WDI is online through a couple of links. Try the main one first and then the other one as an alternate.
The accompanying reports are available in books and by PDF download back to 2005.
For reports before 2005, you will need to look at real print books in the library.
Word of advice: use the reports to accompany the online database. Dropped series do not appear in the current online version. It is also much easier to use the online database if you use the reports alongside.
The World Bank’s World Development Indicators (WDI) includes over 1000 time series for over 200 countries covering economic, social, and environmental indicators.
Read more about the World Bank's Open Data Initiative at the home page and also be sure to visit the World Bank's open data catalog for over 2,000 indicators from databases such as Global Development Finance and African Development Indicators.
WDI is used by nonprofit, academic, and government researchers to compare data relevant to development across countries. The database provides definitions and sources for each variable.

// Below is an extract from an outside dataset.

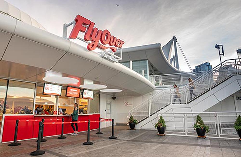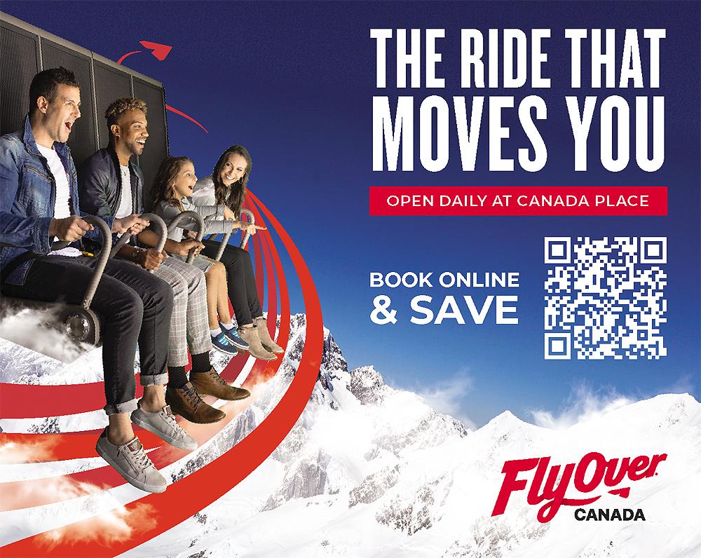 FlyOver Canada utilizes state-of-the-art technology to give you the feeling of flight. You will hang suspended, feet dangling, before a 20-metre spherical screen while our film whisks you away on an exhilarating 8-minute journey across Canada, from east to west. Special effects, including wind, mist and scents, combine with the ride’s motion to create an unforgetable experience.

Coverage: from 1960-present but varies by indicator and country.
Topic Areas: Economic Policy & Debt, Education, Environment, Financial Sector, Health, Infrastructure, Labor & Social Protection, Poverty, Private Sector & Trade, Public Sector.
Sample Indicators: foreign direct investment (net inflows, % of GDP), literacy rate, adult total (% of people ages 15 and above), electricity production (kWh), stocks traded (total value, % GDP), health expenditure (private, % GDP), rail lines (total route-km), labor force with primary education (% of total), GINI index, ease of doing business index (1 = most business-friendly regulations), cash surplus/deficit (% of GDP).
Definitions: Over 300 indicators are defined on this page and the remaining are defined and sourced within the database when you click on the "Notes" button, which is in the middle-right of the query box.
Search the database by simple word or browse by topic area. If you are going to search by word, be sure to you are using the same terminology as WDI. The browse-by-topic function is a better bet for you if you don't know the precise terminology (e.g. a search for "FDI" is not correct; you have to search for "foreign direct investment").
You could think of the World Bank as the curator of WDI. That is, WDI are a collection of indicators representative of how the World Bank defines development. Researchers take a variety of approaches when measuring
development. This Gouldguide for Professor Myint's Approaches to Development provides additional sources to consider for this question of development definitions and measures.